[PROVIDED RECORDS]

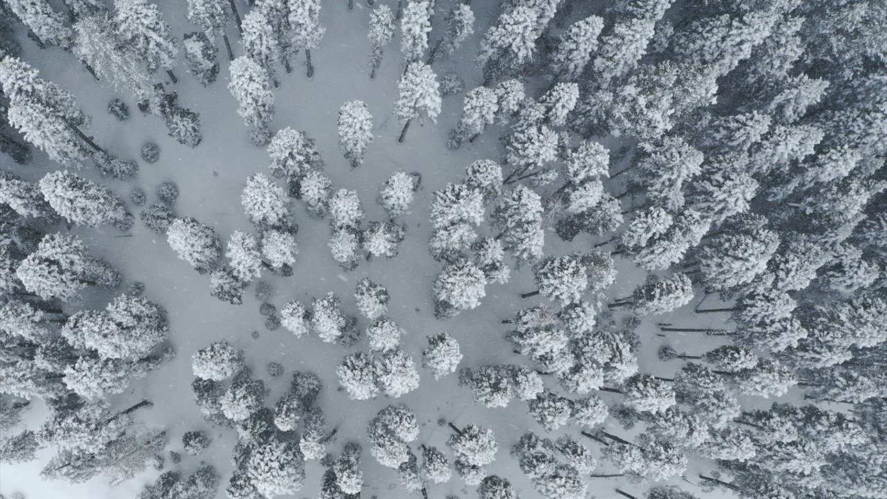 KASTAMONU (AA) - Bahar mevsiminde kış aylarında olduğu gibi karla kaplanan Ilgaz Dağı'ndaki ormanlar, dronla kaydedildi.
--
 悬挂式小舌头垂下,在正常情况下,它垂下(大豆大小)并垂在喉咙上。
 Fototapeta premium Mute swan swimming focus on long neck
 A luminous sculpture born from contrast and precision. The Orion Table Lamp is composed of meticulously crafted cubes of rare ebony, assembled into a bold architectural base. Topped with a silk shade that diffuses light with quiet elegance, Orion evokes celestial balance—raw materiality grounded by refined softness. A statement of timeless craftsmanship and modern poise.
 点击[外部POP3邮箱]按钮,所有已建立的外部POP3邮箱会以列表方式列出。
* * *
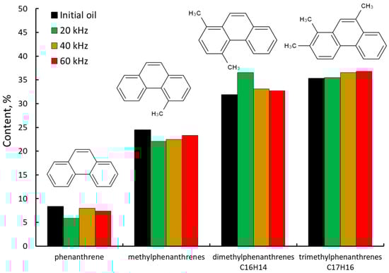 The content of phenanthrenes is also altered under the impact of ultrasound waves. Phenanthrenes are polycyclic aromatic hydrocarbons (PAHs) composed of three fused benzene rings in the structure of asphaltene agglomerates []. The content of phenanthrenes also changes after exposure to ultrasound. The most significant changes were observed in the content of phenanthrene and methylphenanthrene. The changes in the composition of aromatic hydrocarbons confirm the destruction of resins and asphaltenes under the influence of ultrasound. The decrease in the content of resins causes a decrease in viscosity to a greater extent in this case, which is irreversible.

[REQUIREMENT] From the data above, output only the lines between the line containing "A luminous sculpture" and the line containing "点击[外部POP3邮箱]按钮,所有已建立的外部POP3邮箱会以列表方式列出。", inclusive, exactly as written.

[TASK RESULT]
 A luminous sculpture born from contrast and precision. The Orion Table Lamp is composed of meticulously crafted cubes of rare ebony, assembled into a bold architectural base. Topped with a silk shade that diffuses light with quiet elegance, Orion evokes celestial balance—raw materiality grounded by refined softness. A statement of timeless craftsmanship and modern poise.
 点击[外部POP3邮箱]按钮,所有已建立的外部POP3邮箱会以列表方式列出。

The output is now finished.